George Fraser

Profile
- Positions: Guard • Kicker

Personal information
- Born: 1911 Perthshire, Scotland
- Died: December 9, 1992 (aged 80–81)

Career information
- College: none

Career history

Playing
- 1932–1942: Ottawa Rough Riders
- 1943: Ottawa Combines
- 1944: Ottawa Trojans
- 1945: Ottawa Rough Riders

Coaching
- 1942, 1946: Ottawa Rough Riders

Awards and highlights
- Grey Cup champion (1940); Jeff Russel Memorial Trophy (1945); 4× CFL All-Star (1938–1941);

= George Fraser (Canadian football) =

Canadian football player (1911–1992)

Gerorge Fraser (1911 - December 9, 1992) was a Canadian football player, playing from 1932 to 1945.

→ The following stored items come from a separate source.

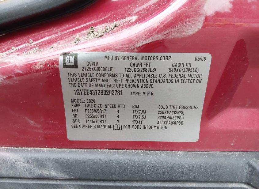 - VIN: 1GYEE437380202781
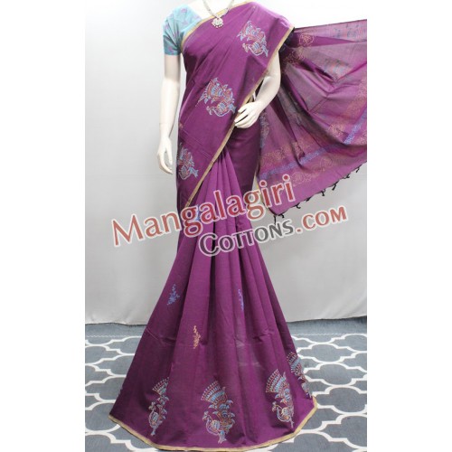 Mangalagiri Powerloom Cotton Printed Saree with Plain Border. Saree comes with Unstitched Blouse Piece.
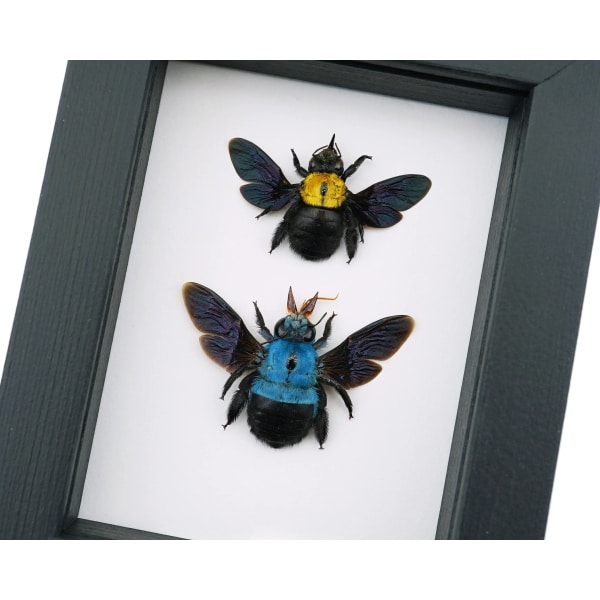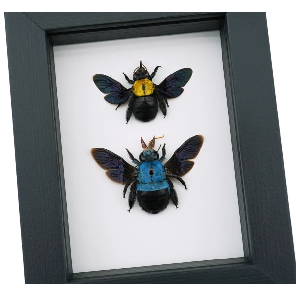 Blue Gold Carpenter Bee Collection Framed Taxidermy Classic Black Display
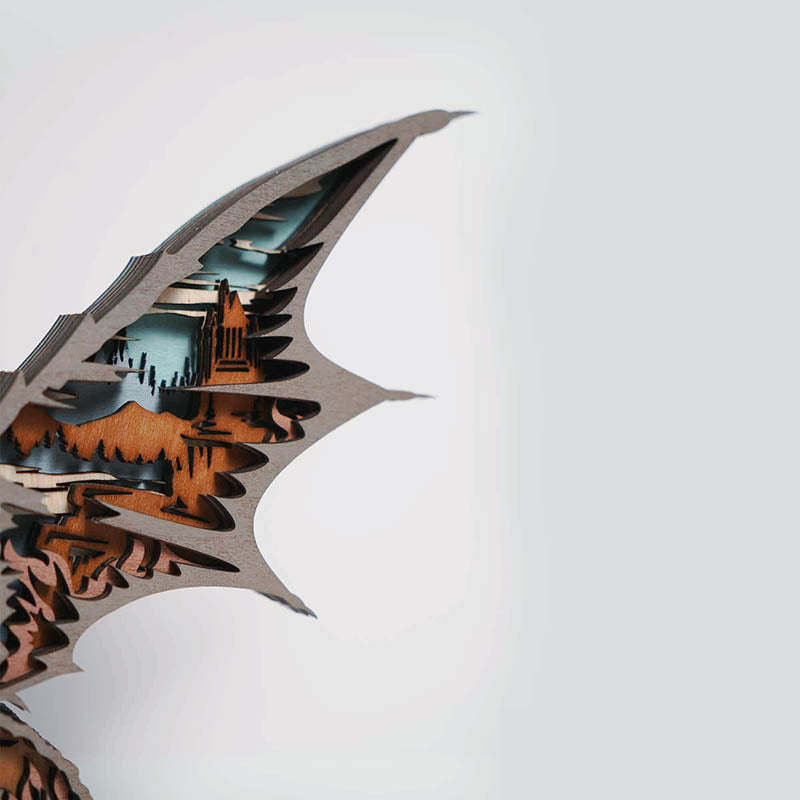Our designer took 3 key words of a western dragon: fire, cliff, forest, as key design elements on this mythological creature with a silhouette of a typical western dragon.
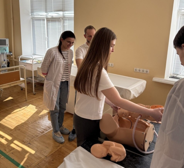Для студентів 4 курсу заняття у акушерському відділення симуляційного центру - це реальна можливість відпрацювати практичні навички на реалістичних моделях, детально познайомитись із біомеханізмом пологів.
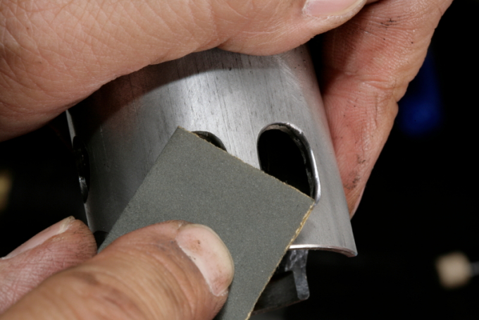 ▲用砂纸修补刮痕时,要将砂纸与刮痕保持一定角度将刮痕抹平,并不需要把所有的划痕都刮掉,只要把凹凸不平的地方和缝隙变得不明显就好,这里用的是600号砂纸,因为它不会刮得太深。
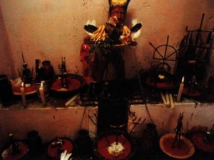 Maria Quiteira acepta sus ofrendas en los sitios donde hay un cruce de caminos. Toma champaña, le gusta los cigarros largos, perfumes, velas rojas y telas rojas y negras.
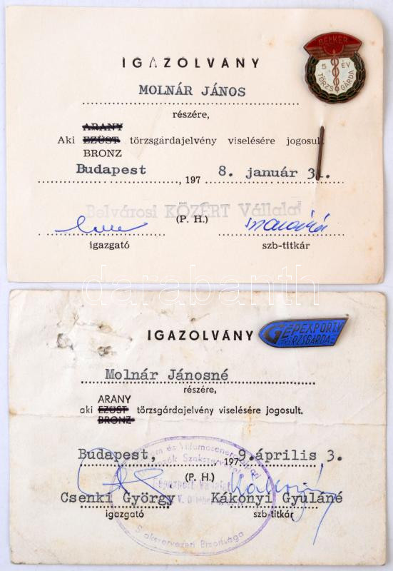 Leírás: 1978. "Belker - 5 év törzsgárda" bronz fokozata, zománcozott jelvény, viselői igazolvánnyal + 1979. "Gépexport Törzsgárda" arany fokozata, zománcozott jelvény, viselői igazolvánnyal T:2

Born in Perthshire, Scotland and coming to Canada in 1921, Fraser played all of his career with Ottawa-based teams. Starting with the Ottawa Rough Riders in 1932, he played guard and became a league leading kicker, was named an all-Canadian all-star in 1938, 1939 and 1940, and won the Grey Cup in 1940. He also played in the Grey Cup games of 1936, 1939 and 1941. In 1941 he scored 11 of Ottawa's 16 points. In 1942 he was playing coach with the Riders. During the war years he played in the Ontario Rugby Football Union, with the Ottawa Combines in 1943 and the Ottawa Trojans in 1944. He finished his player career on a high note in 1945 with the Rough Riders, winning the Jeff Russel Memorial Trophy as the best player in the Interprovincial Rugby Football Union.

Fraser also coached the Riders in 1942 and 1946, compiling an 8 win, 5 loss and 2 tie record, and losing the only playoff game he coached. He was assistant coach in 1947.
From 1957 through 1962 he was an on field official in the CFL, the only person ever to have played, coached and officiated in the league.